At the time, authorities conjectured that his body may have been submerged in water or under ice through the winter, and that is why trained dogs didn’t find anything during a search of the Glen after Clark was reported missing in early February.
The preliminary autopsy listed multiple stab wounds as the cause of death.
The sheriff said investigators think Clark was killed at or near the location his body was found. In response to a question from the News, Fischer also said they think Atha-Arnett was solely responsible for Clark’s death.
Asked by the News about a murder weapon, the sheriff deferred to the county prosecutor, who said authorities were withholding some evidence-related information from the public.
“We’re not going to try this case at a press conference. We’re not going to try it in the media,” Haller said. “We are somewhat limited in what we can tell you today.”
The prosecutor also declined to speak about a possible motive, which he said would come out in the trial.
Haller said that charging Atha-Arnett with two counts of murder, a first-degree felony, provides different ways for the jury to consider the alleged actions.
One count charges that the defendant caused Clark’s death “as a proximate result of … committing or attempting to commit an offense of violence that is a felony of the first or second degree, to wit: Felonious Assault,” while the second accuses that the defendant “did, purposely cause the death of another, to wit: Leonid A. Clark.”
Each murder charge is punishable by a prison term of 15 years to life. No specified term is attached to the felonious assault charge.
The prosecutor said his office is not pursuing the death penalty.
For his part at the press conference, YS Police Chief Brian Carlson thanked the Sheriff’s office; the state Bureau of Criminal Investigation, which assisted in pursuing the case; and the village of Yellow Springs for tips and efforts in searching for Clark after he was reported missing in early February. He also offered condolences to the Clark family, who were in attendance, “for enduring what must be the most terrible reality a parent [could] ever face.”
The press conference fell the day before Clark’s 27th birthday, Nov. 16.
In honor of that date, the Clark family hosted a public gathering Saturday evening at a memorial tree planted in Clark’s name just south of the Women’s Park on Corry Street.
About 40 people formed a candle-lit circle around the small pawpaw tree to sing “Happy Birthday to You” and share some stories about Clark’s life, while camera news crews from two area television stations filmed the gathering.
Clark’s father, Eric Clark, noted the clear, star-filled sky and suggested that everyone keep an eye out for shooting stars as part of the annual Leonid Meteor Shower, which was at peak this past weekend.
The family brought cupcakes for everyone, and family friends contributed hot cocoa and cider. A laptop computer showed video of Clark singing and playing guitar.

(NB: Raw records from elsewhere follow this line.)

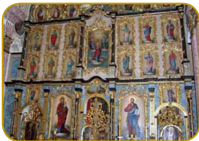
Spaudnji tau »ikonostasa« v Grábóci - svetniki so v več redaj, vsikši má svojo naprejšpisano mesto

tistec pa nas vsikši den pela mali cug v poplavne gaušče (ártéri erdök). Če smo zavolé batrivni, organizérajó za nas ture s kenunami ranč tak. Depa drüge zanimivosti tö skriva krajina: v vesnici Báta je edino prauškarsko mesto »svete Krvi« na Vogrskom, vés Bogyiszló pa je erična po svojom krepkom,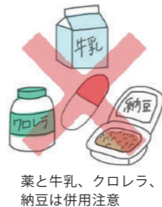
薬と牛乳、クロレラ、納豆は併用注意

また、小児用の粉薬には苦味を感じさせないためにコーティングされているものがあります。薬を飲みやすくするためにオレンジジュース等の酸性飲料で服用するとかえって苦味が増してしまうものもあります。薬の相互作用や飲み合わせで不安なことがありましたら、遠慮なく薬剤師にご相談ください。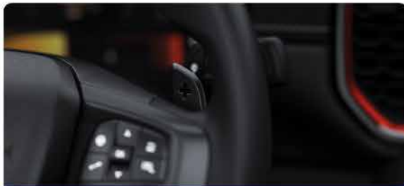
មុខងារបញ្ជូលលេខនៅលើផែនចម្លង (Paddle Shift)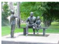
Памятник «Связь поколений»

Кубаночка: недалеко от парка, в котором мы с вами только что были, находится современная скульптурная композиция «Связь поколений». Работа была создана в 2015 году. Ее соорудили рядом со школой. На ней изображен уважаемый ветеран Великой Отечественной войны, рядом заинтересованные дети. Краснодарцы помнят великое героическое прошлое своего города и с уважением относятся к ветеранам. Городская администрация, общественность и ветеранские организации поддерживают патриотическое воспитание подрастающего поколения, наследников Великой победы.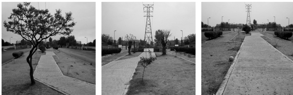
3. Detalle: Avenida Pedro H. Ureña (Eje 10 sur) .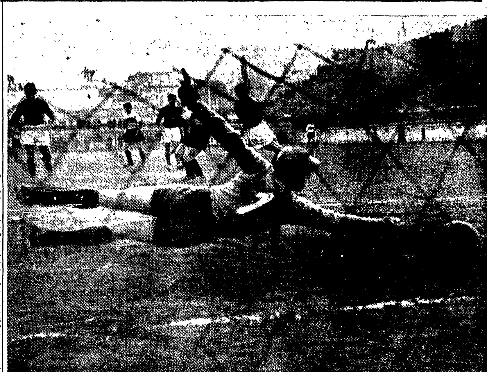
ROMA-TRIESTINA 2-2: la Roma, in svantaggio per 2-0 dopo i primi 45', ha faticato parecchio a raggiungere gli alabardati. Ecco Nucari battuto dal primo goal romanista, autore Pandolfini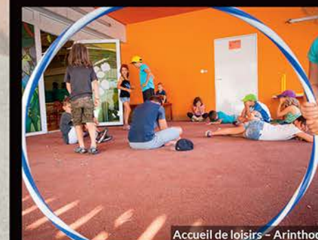
Accueil de loisirs - Arinthod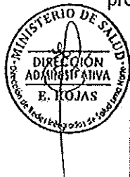
PROCESOS DEL PLAN ANUAL DE CONTRATACIONES 2019 DE LA DIRIS LIMA NORTE

ARTÍCULO PRIMERO. - APROBAR el Plan Anual de Contrataciones de la Unidad Ejecutora 144-1684 Dirección de Redes Integradas de Salud Lima Norte, con los procedimientos de selección que se señalan en el siguiente cuadro: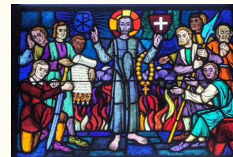
Fratello Nicolao il paciere, vetrata della chiesa dei cappuccini a Briga

Quella di Britz, ai margini meridionali di Berlino, è stata eretta dopo la caduta del muro e consacrata il 2 dicembre 1989. Come si nota osservando l'abside del piccolo campanile, l'architetto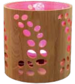
réf: RB10 D: d:17,5 x h19 cm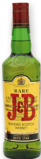
J & B Whisky, 70 cl. 8,70 €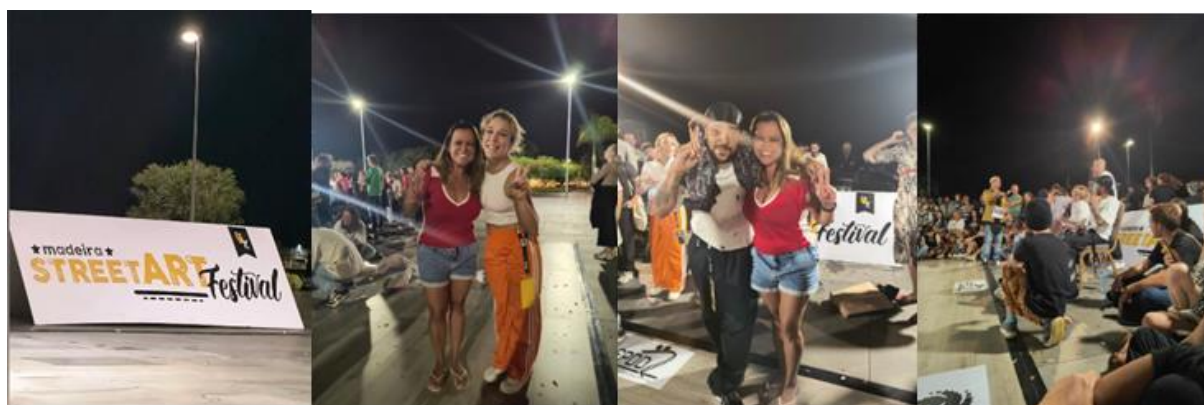
Figura 3. Momento do encontro Fonte. Elaborado pela pesquisadora, 2025.

mobiliza em termos de atenção. Em muitas vezes inusitados, ações e realizações surgem de composições inesperadas [...]” (MACEDO, 2024, p. 108). Esses registros são, de fato, o resultado de um momento singular que desejamos eternizar, pois nos permitem narrar experiências por meio de expressões que traduzem sentidos e sentimentos. Tal compreensão está em consonância com Macedo (2024, p. 104), para quem “a foto é produzida pelo encontro, literalmente”. Recordo que esse encontro foi especialmente marcante: ao chegar à Praça do Povo, percebi que estava imersa nos quatro elementos do Hip-hop e tive a oportunidade de dialogar com alguns de seus representantes, inclusive com um dos jurados brasileiros, como evidenciam as imagens a seguir.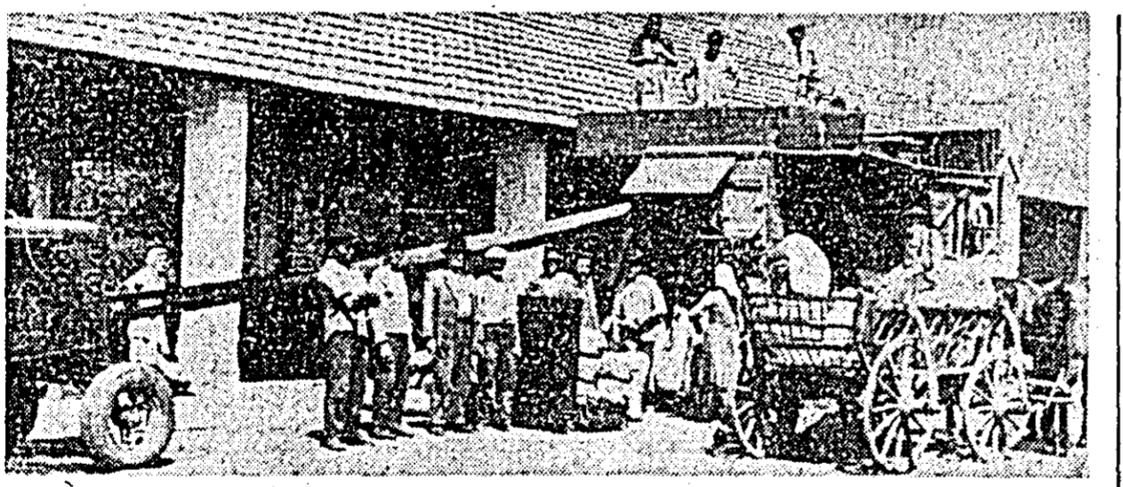
Cooperatorii din comuna Șofronea se pregătesc din timp pentru recolta viitoare. În clișeu: un aspect din timpul selecției grîului cu batoza.

În cooperativele agricole de producție din raza orașului, lucrările actuale ale campaniei agricole nu se desfășoară încă cu destulă intensitate. Astfel, mult rămase în urmă sînt adunatul și transportul paielor. La Tisa Nouă, bunăoară, din 1049 ha au fost eliberate de paie doar 165 ha. Suprafețele mici au fost eliberate și la Vladimirescu, Sînlăeni și Micălața. Din această cauză, și arăturile n-au fost executate pe raza orașului decît în proporție de 20 la sută. Dacă la Aradul Nou suprafața arată se apropie de jumătate din suprafața planificată, la Tisa Nouă, Gai, Micălața și Bujac, arăturile n-au fost executate decît în proporție de 13-17 la sută.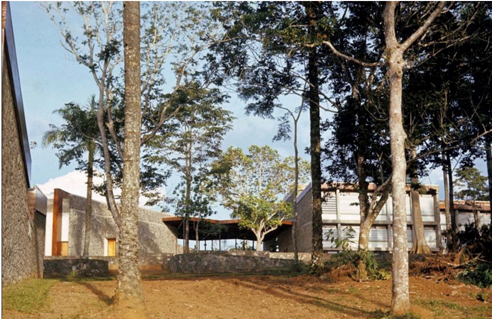
Fonds Écochard, n° 84315, fondation Aga-Khan, n.d.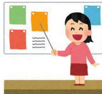
↑ 午前、計11の会場に分かれて発表を行いました

The memorial tree is one of two planted in Clark’s name. The other was recently added to a small group of trees on the Mills Lawn campus where three other members of Clark’s 2011 graduating class are also remembered. All died within the last three years.
Atha-Arnett had been a member of the same 2011 class from kindergarten through 10th grade. According to school district records, he withdrew before the start of the 2009–10 academic year.

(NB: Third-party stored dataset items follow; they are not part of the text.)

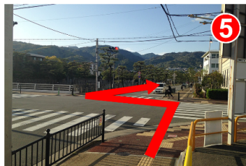
高架を抜けてすぐに信号があります。道路の左側道に渡ります。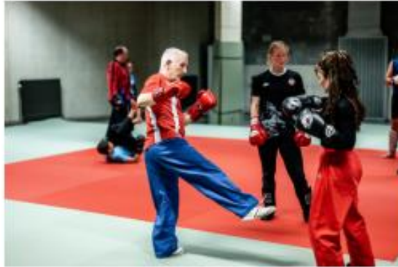
zich inschrijven bij een lokale sportclub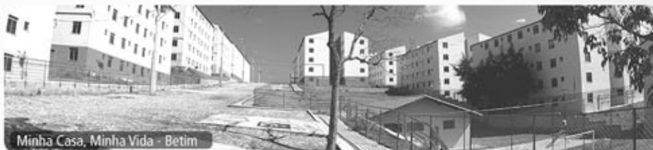
Minha Casa, Minha Vida - Betim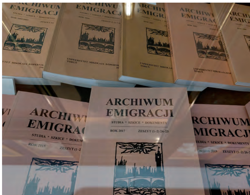
Fot. Marcin Lutomiński

dotyczące życia codziennego Polaków poza ojczyzną (m.in. rodzina, praca, wspólnoty, relacje międzygrupowe),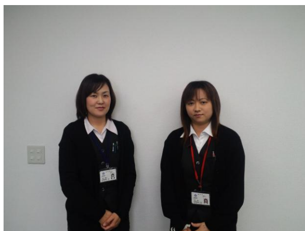
レディースの創設（23 年 11 月）

なお、レディースの活動状況につきましては、営業推進部担当役員を責任者とする推進会議を毎週金曜日に開催し、管理致しております。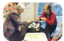
餃子の皮でピザ作り! トッピングをお楽しみ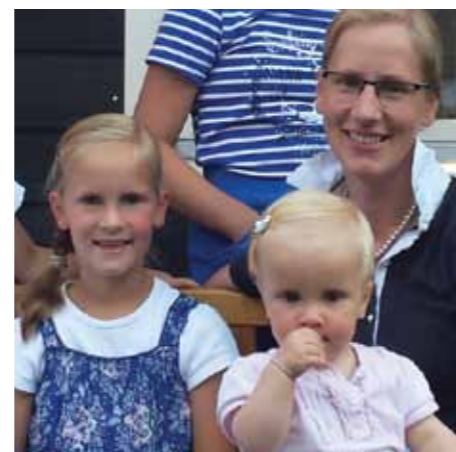
pag. 39 Een preek na de koffie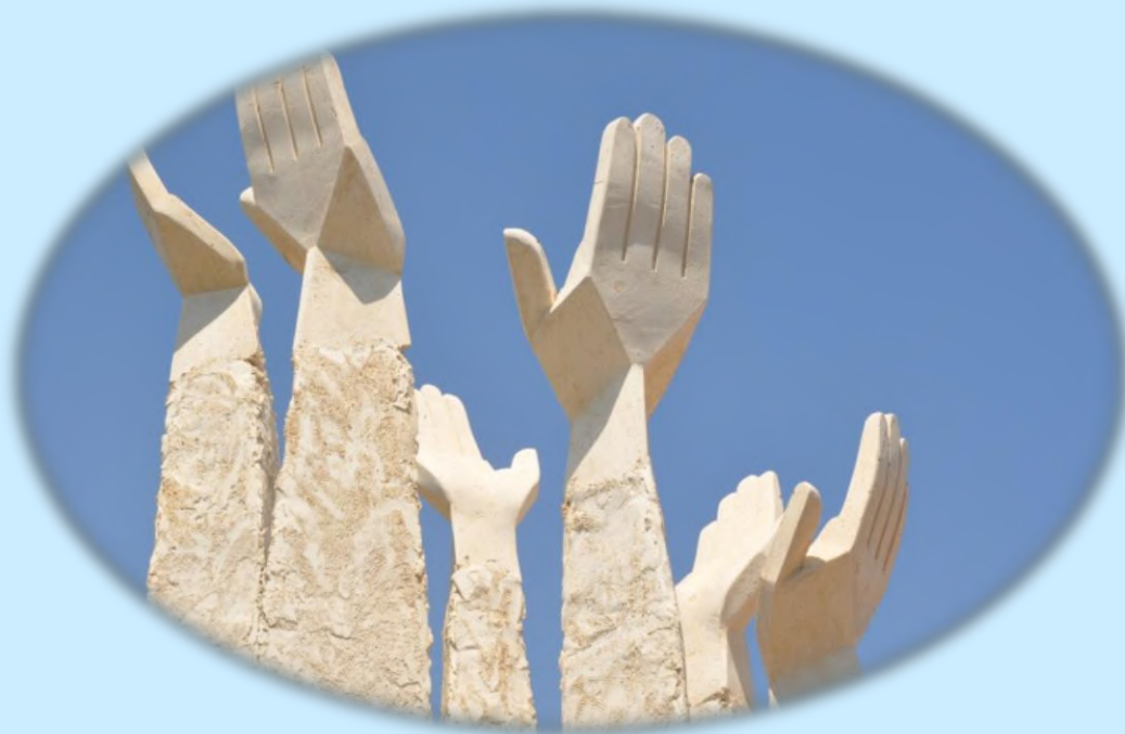
הון מעשה ידי אדם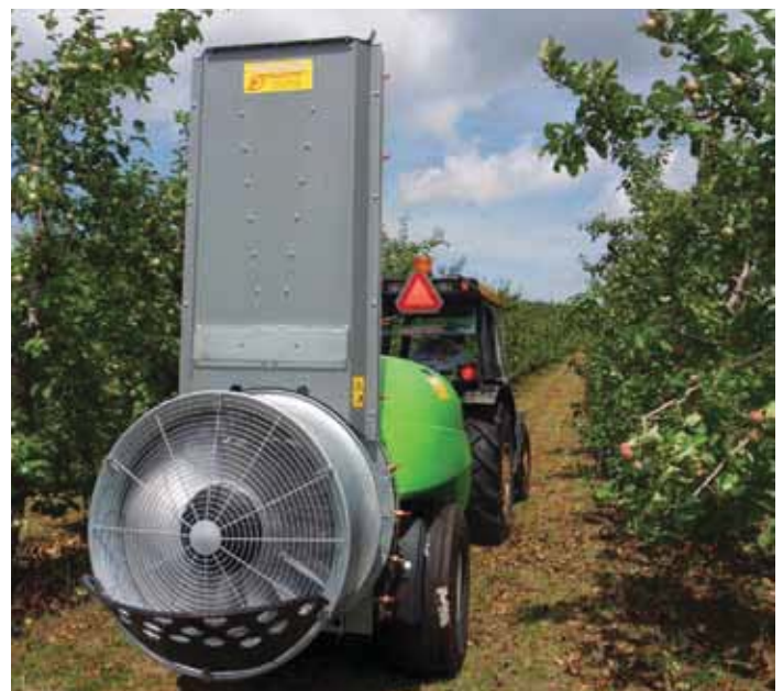
Pulvérisateur à jet porté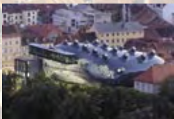
Graz. La città dei contrasti.

A richiesta si possono programmare escursioni personalizzate nella regione.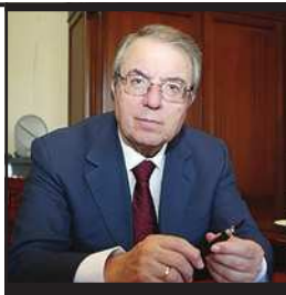
ΜΠΑΜΠΙΝΙΩΤΗΣ ΓΕΩΡΓΙΟΣ ΓΛΩΣΣΟΛΟΓΟΣ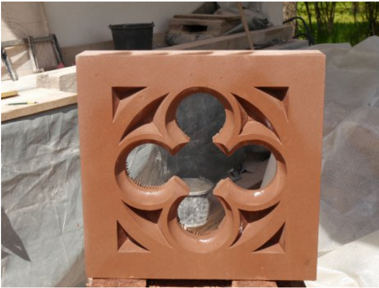
Das Neuteil der Erkerbrüstung bei der Herstellung.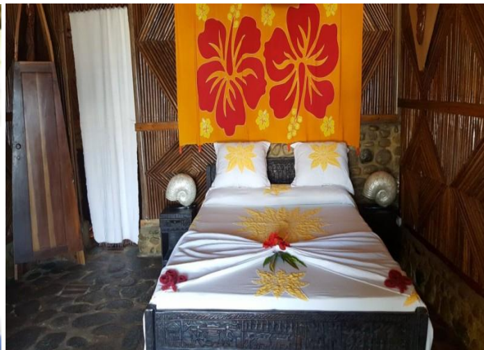
Zahir de l'Ile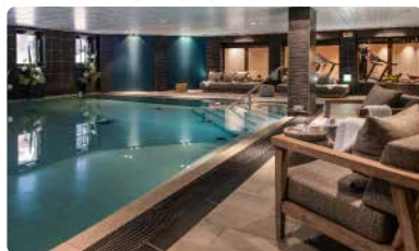
SPA MANALI MANALI LODGE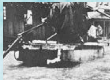
昭和37年7月●集中豪雨による浸水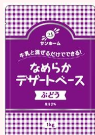
サンホーム なめらかデザートベース ぶどう 規格:1kg/6袋 温度帯:常温 賞味期間:390日 商品CD:5646548

Although he has lived outside the village in recent years, he and his extended family have many local ties.
As a boy, he was a member of the Cub Scouts, and he attended the Unitarian Universalist Fellowship with his father, Stacy Arnett, a Yellow Springs High School graduate.
Stacy, who acquaintances say had been living with his son in Enon after suffering a stroke several years ago, was a longtime business owner and manager in Yellow Springs.
Atha-Arnett’s uncle, Tony Arnett, served multiple terms on the Yellow Springs School Board and then Village Council before moving to Wisconsin more than a decade ago.
Thursday’s arraignment, originally announced for Friday, will be at 12:45 p.m. in Courtroom 2 of the county courthouse in Xenia, according to the prosecutors office Wednesday.